I also thought the value that should be within the confidence interval should be +7.1 or -7.1.

Would the conclusion " ##Δµ = 0## is within the confidence interval, we can therefore not conclude that the treated and untreated pipes have the same mean value despite there being a clear difference in the mean value in the two samples. We can not conclude that the surface treatment reduce corrosion. " be the answer?

No: you have it backwards: Since your interval includes 0, you cannot conclude that the two means are different. There is at least a 5% chance that the different sample means just occur by chance in samples with the same true mean.

However, I get a different confidence interval from yours. Both of my confidence limits are < 0,so for me, I can say (with 95% confidence) that ##\mu_X < \mu_Y##. (I just used the TwoSampleTTest module in Maple's Statistics package.)

So, for my analysis of the data, the uncoated pipes have a lower average corrosion than treated pipes, so treating the pipes makes them worse!

Mutaja
No: you have it backwards: Since your interval includes 0, you cannot conclude that the two means are different. There is at least a 5% chance that the different sample means just occur by chance in samples with the same true mean.

However, I get a different confidence interval from yours. Both of my confidence limits are < 0,so for me, I can say (with 95% confidence) that ##\mu_X < \mu_Y##. (I just used the TwoSampleTTest module in Maple's Statistics package.)

So, for my analysis of the data, the uncoated pipes have a lower average corrosion than treated pipes, so treating the pipes makes them worse!

Looking at the sum of the coated and uncoated pipes, or the average, it looks to be the most likely result yes.

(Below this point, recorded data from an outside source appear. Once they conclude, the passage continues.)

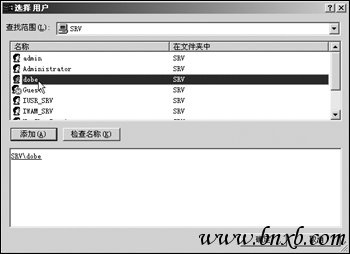 如果要让某一个用户使用更多的空间,就必须要单独指定了。操作步骤是:点击此窗口下方的“配额项”按钮,在弹出的窗口中点击“新建配额项”按钮,然后在新窗口中的“查找范围”一栏中选择这台文件服务器(本例中的服务器名称为SRV),然后在接着显示出的用户列表中选择一位同事的登录名,双击后添加。其他用户的添加方法也是一样,最后点击“确定”按钮完成;最后为这次添加的同事指定空间,例如:1GB。至此磁盘配额设置工作完成。
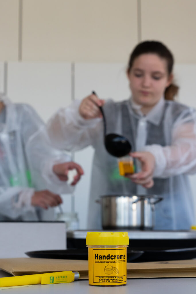 Doch zuvor wurden die Teilnehmerinnen mit Schutzkitteln und -brillen ausgestattet, damit Augen und Kleidung vor Spritzern geschützt sind. Nach Erhitzen, Mischen und Abfüllen, musste nur noch abgewartet werden, bis die cremige Masse aushärtet. Die Eigenkreation aus verschiedenen Bio-Ölen und Shea-Butter, durfte natürlich mit nach Hause genommen werden, ebenso wie Kugelschreiber, Blöcke, eine Schutzweste und ein Lanyard -natürlich in Häffner-Grün!
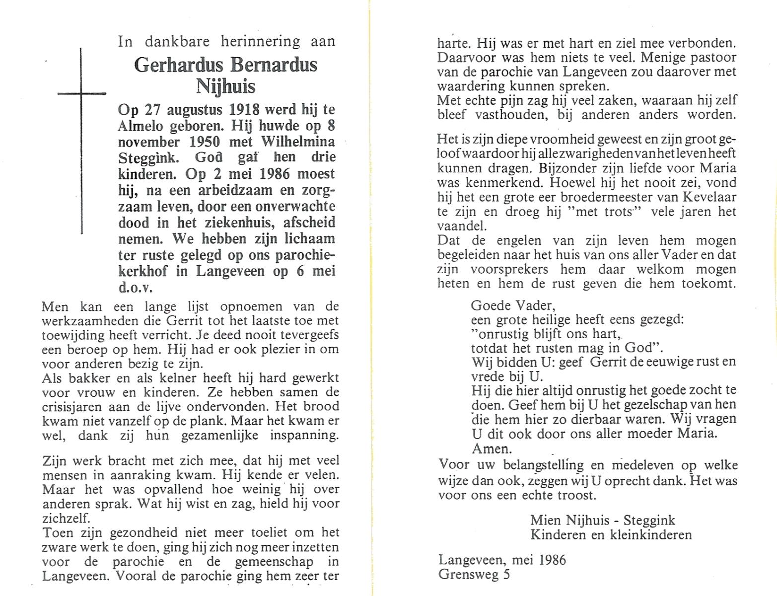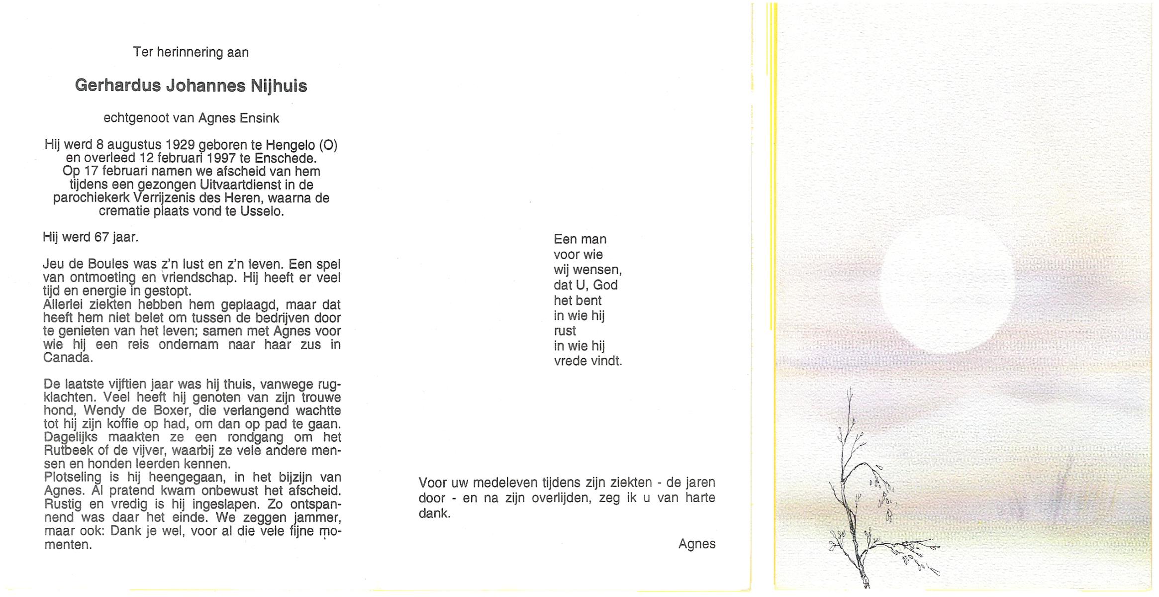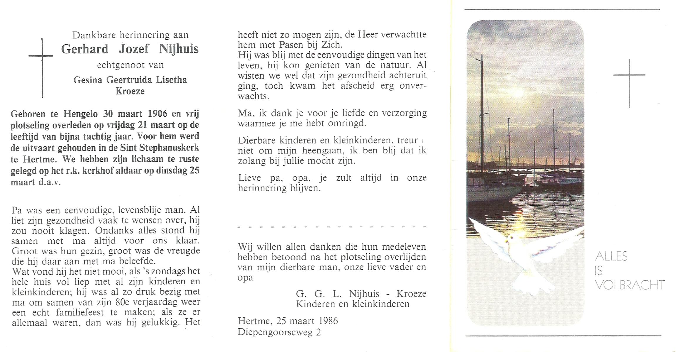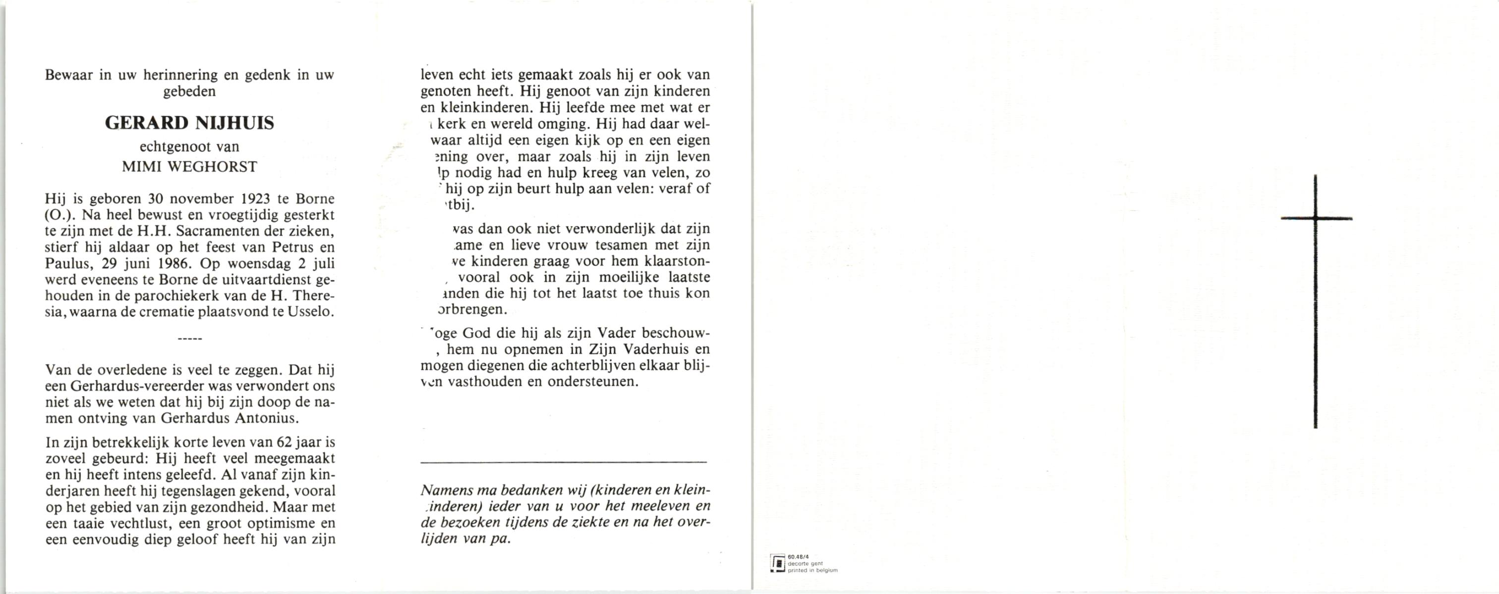 NIJHUIS, , Gerard, geboren op 30-11-1923 te Borne, overleden op 29-6-1986 te Borne op 62-jarige leeftijd, gecremeerd op 2-7-1986 te Usselo.
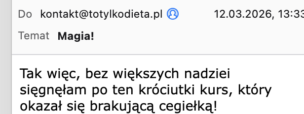 Jeśli po przerobieniu stwierdzisz, że materiał nie był warty minimum 5x tyle - napisz na kontakt@totylkodieta.pl i bez pytań oddam Ci pieniądze bez zabierania dostępu do materiału.
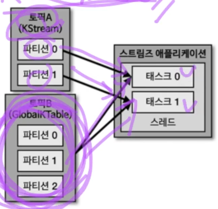 KTable의 경우 파티션의 수만큼 태스크가 일대일 대응되어 처리했지만 GlobalKTable의 경우 모든 파티션을 모든 태스크에 전달하여 처리하게 하므로서 코파티셔닝 되지 않더라도 TopologyException이 발생하지 않게 된다.
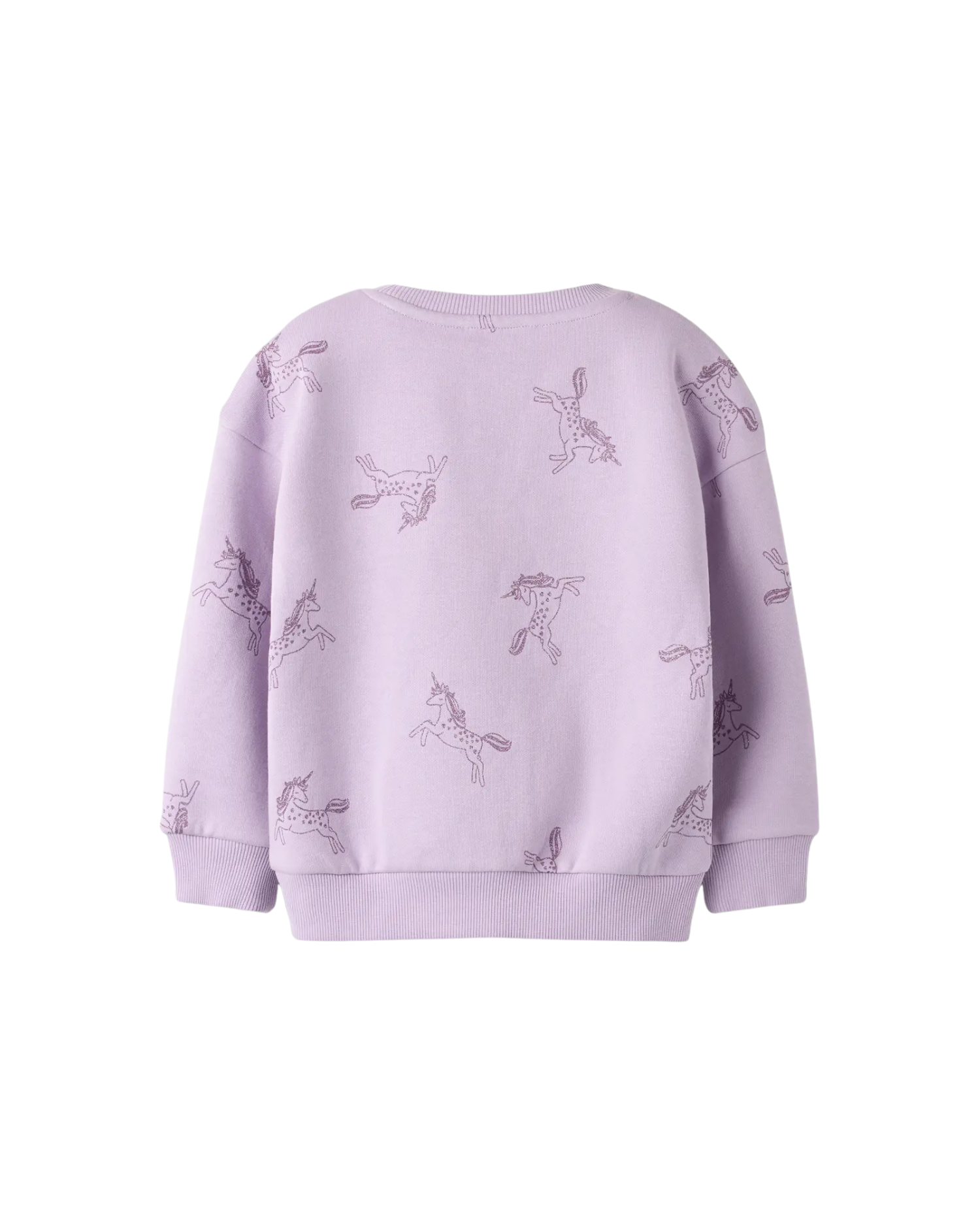 Fin sweatshirt i lilla med glimmer enhjørninger på fra name it.

My calculations should get a confidence interval where both sums are greater than 0, but I've looked over this several times now and everything seem to be correct according to my notes and formulas. Do you have any idea what I'm missing?

Last edited:
Homework Helper
Dearly Missed
There is, or there was. I took the answers I got from this thread and used with the formulas and notes I have and got this:

I have used different symbols. Want to find: ##Δµ = µ_X - µ_Y ## based on ##Δ_{\bar X \bar Y} = \bar X - \bar Y = 47.5 - 54.6 = -7.1##

Variance: ## \frac {(n_X -1)S_X^2 + (n_Y -1)S_Y^2} {n_x + n_y -2} = \frac {(19)47.5^2 + (19)54.6^2} {38} = 2618.705##

##2618.705(\frac {1} {20} + \frac {1} {20}) = 261.8705##

##\sqrt {261.8705} = 16.18##

Using T distribution, 95% 38 degrees of fredom (20+20-2) (40 because that's the nearest number my table gives me) gives the value 2.021.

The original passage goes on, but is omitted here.